[Your instructions] Reproduce the records below exactly as they appear, omitting any pictures they contain.

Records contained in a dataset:
⁂

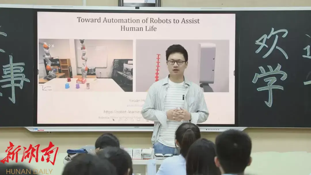 在高一2201班的教室里,2016届毕业生黄一轩受邀回到母校,就自己的成长经历、学习经验、研究成果等与学弟学妹进行分享。在2018年大二期间,他通过自身努力争取到了前往美国加州大学圣地亚哥分校学习的机会。在美学习的两年时间里,他倍加珍惜这来之不易的机会,夜以继日投入学习工作之中。2020年大学毕业后,他以优异成绩进入美国犹他大学计算机系攻读博士学位。截至目前,他以第一作者身份在国际顶级会议上发表学术论文两篇,并获得会议最佳论文提名奖一次。他的研究主要聚焦在机器人抓取与操作以及深度学习在机器人上的应用。
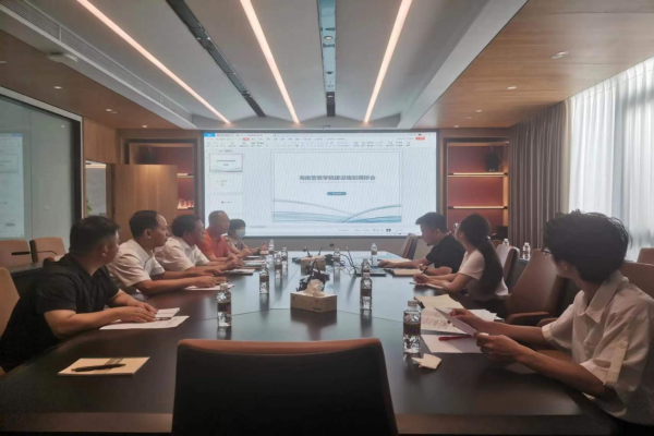 调研组一行在海南华诚工程管理咨询有限公司负责人尹优的引领下考察了该公司办公场地。随后,双方在该公司会议室进行了座谈交流。公司负责人尹优对调研组一行的到来表示热烈欢迎,并简要介绍了公司的基本情况、国内外公安类高等院校建设情况、项目进展情况、项目总体规划等情况。双方围绕海南政法职业学院转型升级校区整体规划、分期建设、功能布局等方面进行了深入交流。
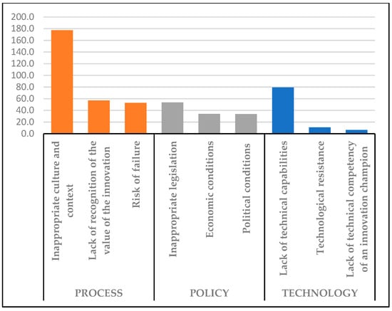 The most prevailing BIM barriers in developing countries are classified in the process category (Figure 5). Inappropriate culture and context, lack of recognition of the value of the innovation, and risk of failure are the top three factors of this category. The second-highest barrier is the policy category, with inappropriate legislation, economic conditions, and political conditions as the primary factors. Lastly, the technology category is a barrier with corresponding factors, i.e., lack of technical capabilities, technological resistance, and lack of technical competency of an innovation champion. The scores and ranks of barriers to BIM innovation are listed in Table 9.
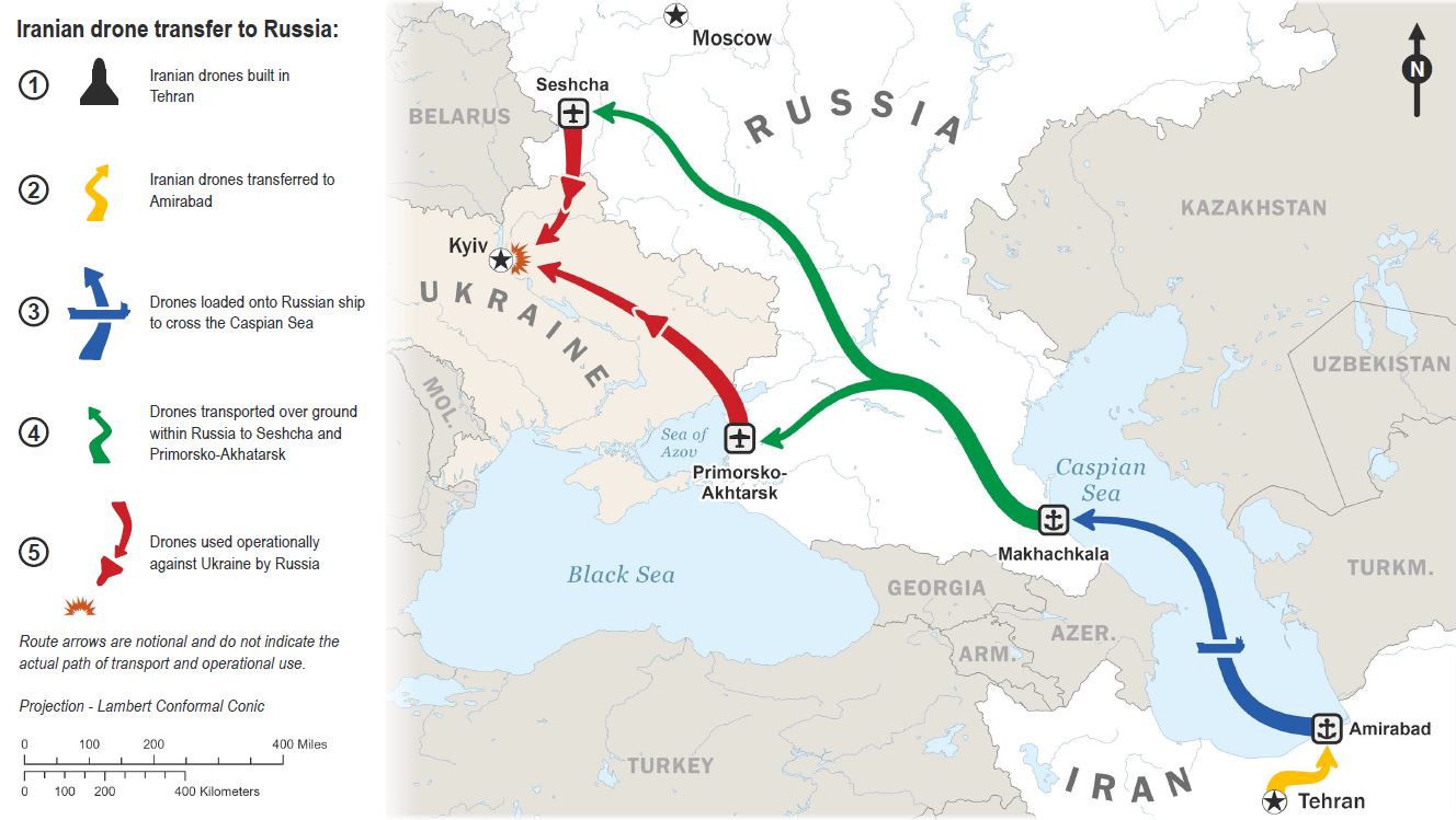 乔·拜登总统的政府分享了新解密的情报,称伊朗正在利用里海航线,通过俄罗斯船只将其无人机从伊朗阿米拉巴德港经俄罗斯运往马哈奇卡拉。
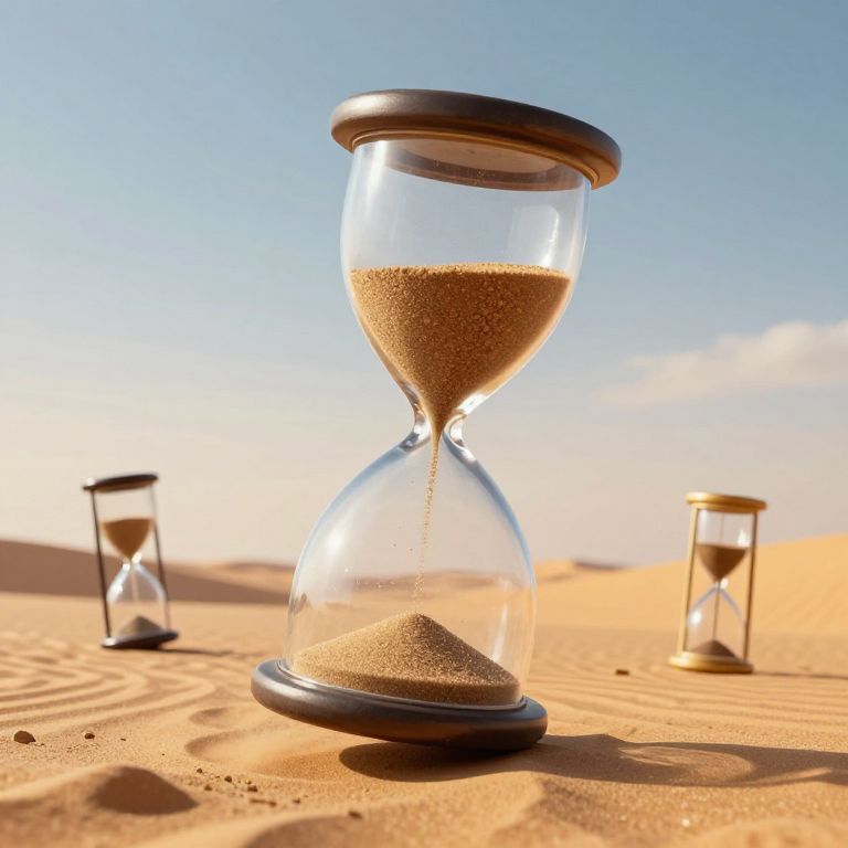 Sand-filled hourglasses hover weightlessly above a golden desert landscape, their grains suspended mid-flow as they float among a scattering of identical timepieces against a serene, gradient sky.

⁂

[Answer box]
 在高一2201班的教室里,2016届毕业生黄一轩受邀回到母校,就自己的成长经历、学习经验、研究成果等与学弟学妹进行分享。在2018年大二期间,他通过自身努力争取到了前往美国加州大学圣地亚哥分校学习的机会。在美学习的两年时间里,他倍加珍惜这来之不易的机会,夜以继日投入学习工作之中。2020年大学毕业后,他以优异成绩进入美国犹他大学计算机系攻读博士学位。截至目前,他以第一作者身份在国际顶级会议上发表学术论文两篇,并获得会议最佳论文提名奖一次。他的研究主要聚焦在机器人抓取与操作以及深度学习在机器人上的应用。
 调研组一行在海南华诚工程管理咨询有限公司负责人尹优的引领下考察了该公司办公场地。随后,双方在该公司会议室进行了座谈交流。公司负责人尹优对调研组一行的到来表示热烈欢迎,并简要介绍了公司的基本情况、国内外公安类高等院校建设情况、项目进展情况、项目总体规划等情况。双方围绕海南政法职业学院转型升级校区整体规划、分期建设、功能布局等方面进行了深入交流。
 The most prevailing BIM barriers in developing countries are classified in the process category (Figure 5). Inappropriate culture and context, lack of recognition of the value of the innovation, and risk of failure are the top three factors of this category. The second-highest barrier is the policy category, with inappropriate legislation, economic conditions, and political conditions as the primary factors. Lastly, the technology category is a barrier with corresponding factors, i.e., lack of technical capabilities, technological resistance, and lack of technical competency of an innovation champion. The scores and ranks of barriers to BIM innovation are listed in Table 9.
 乔·拜登总统的政府分享了新解密的情报,称伊朗正在利用里海航线,通过俄罗斯船只将其无人机从伊朗阿米拉巴德港经俄罗斯运往马哈奇卡拉。
 Sand-filled hourglasses hover weightlessly above a golden desert landscape, their grains suspended mid-flow as they float among a scattering of identical timepieces against a serene, gradient sky.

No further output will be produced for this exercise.